** Opening Data for review block **

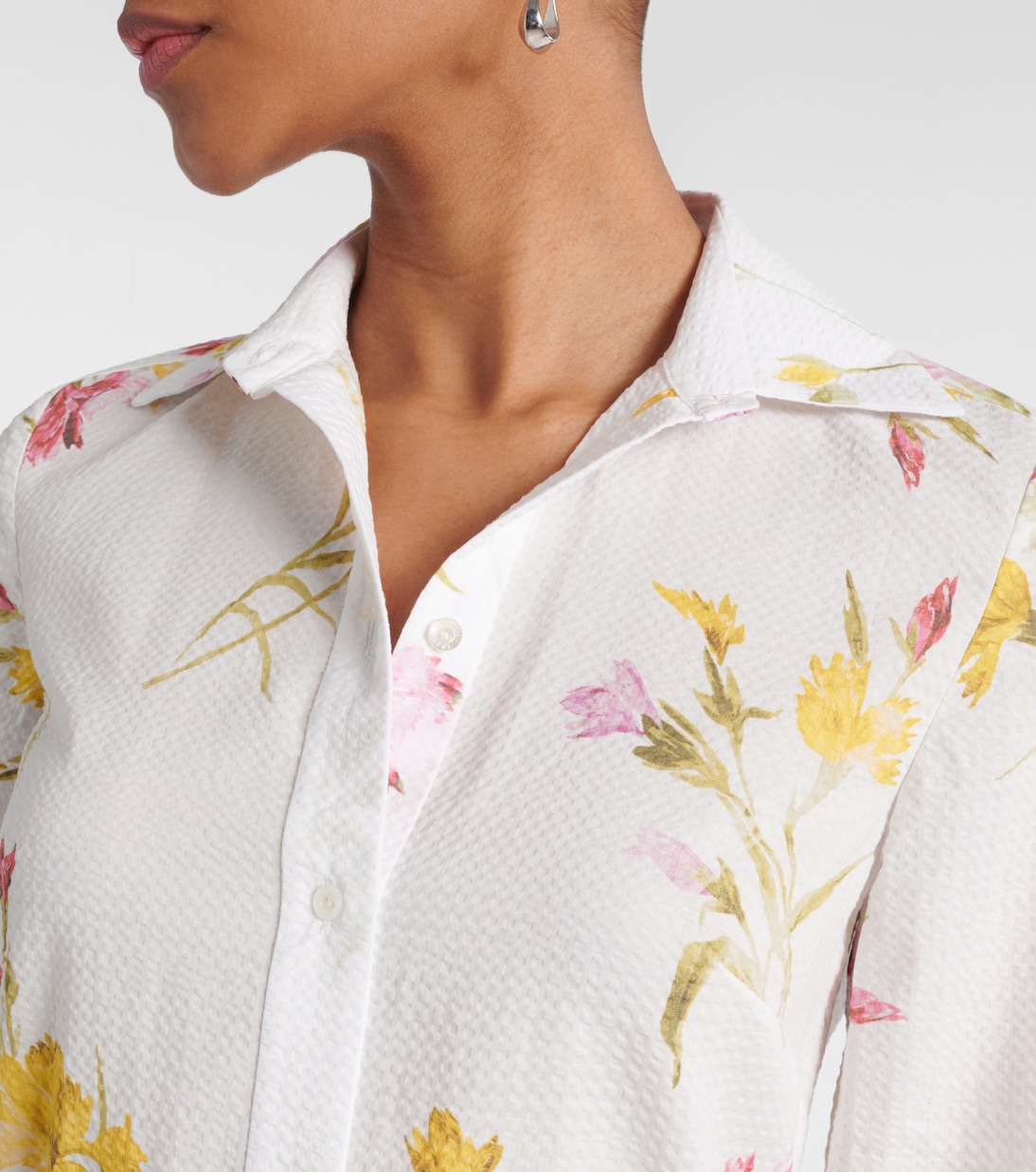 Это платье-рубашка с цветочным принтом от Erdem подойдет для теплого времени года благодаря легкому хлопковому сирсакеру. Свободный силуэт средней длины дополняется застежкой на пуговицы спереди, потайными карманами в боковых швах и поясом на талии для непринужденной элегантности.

** Closing Data for review block **
** Opening Data for review block **

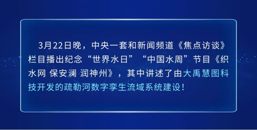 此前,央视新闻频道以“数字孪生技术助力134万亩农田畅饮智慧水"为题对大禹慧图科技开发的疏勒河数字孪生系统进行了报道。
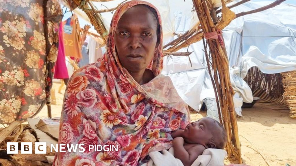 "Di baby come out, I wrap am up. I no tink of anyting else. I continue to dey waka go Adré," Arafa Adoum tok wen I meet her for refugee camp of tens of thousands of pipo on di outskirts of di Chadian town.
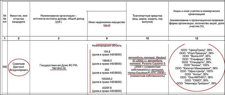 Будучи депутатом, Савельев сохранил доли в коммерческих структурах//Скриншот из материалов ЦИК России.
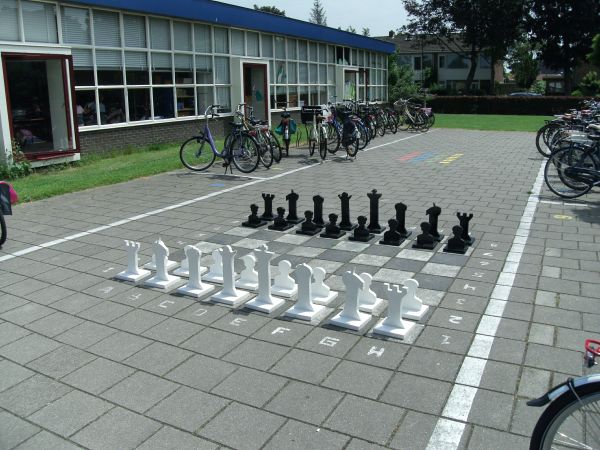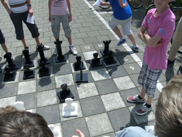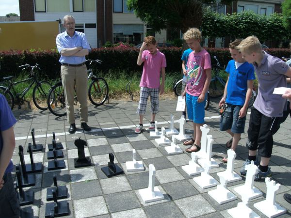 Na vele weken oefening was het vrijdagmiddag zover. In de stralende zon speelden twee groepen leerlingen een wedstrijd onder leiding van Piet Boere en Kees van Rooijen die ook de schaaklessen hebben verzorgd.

** Closing Data for review block **

:: About this task ::
Starting from the line with "Будучи депутатом, Савельев" in the records above, repeat each line exactly until you have written the line with "Na vele weken", then stop; drop the pictures.

:: Expected answer ::
 Будучи депутатом, Савельев сохранил доли в коммерческих структурах//Скриншот из материалов ЦИК России.
 Na vele weken oefening was het vrijdagmiddag zover. In de stralende zon speelden twee groepen leerlingen een wedstrijd onder leiding van Piet Boere en Kees van Rooijen die ook de schaaklessen hebben verzorgd.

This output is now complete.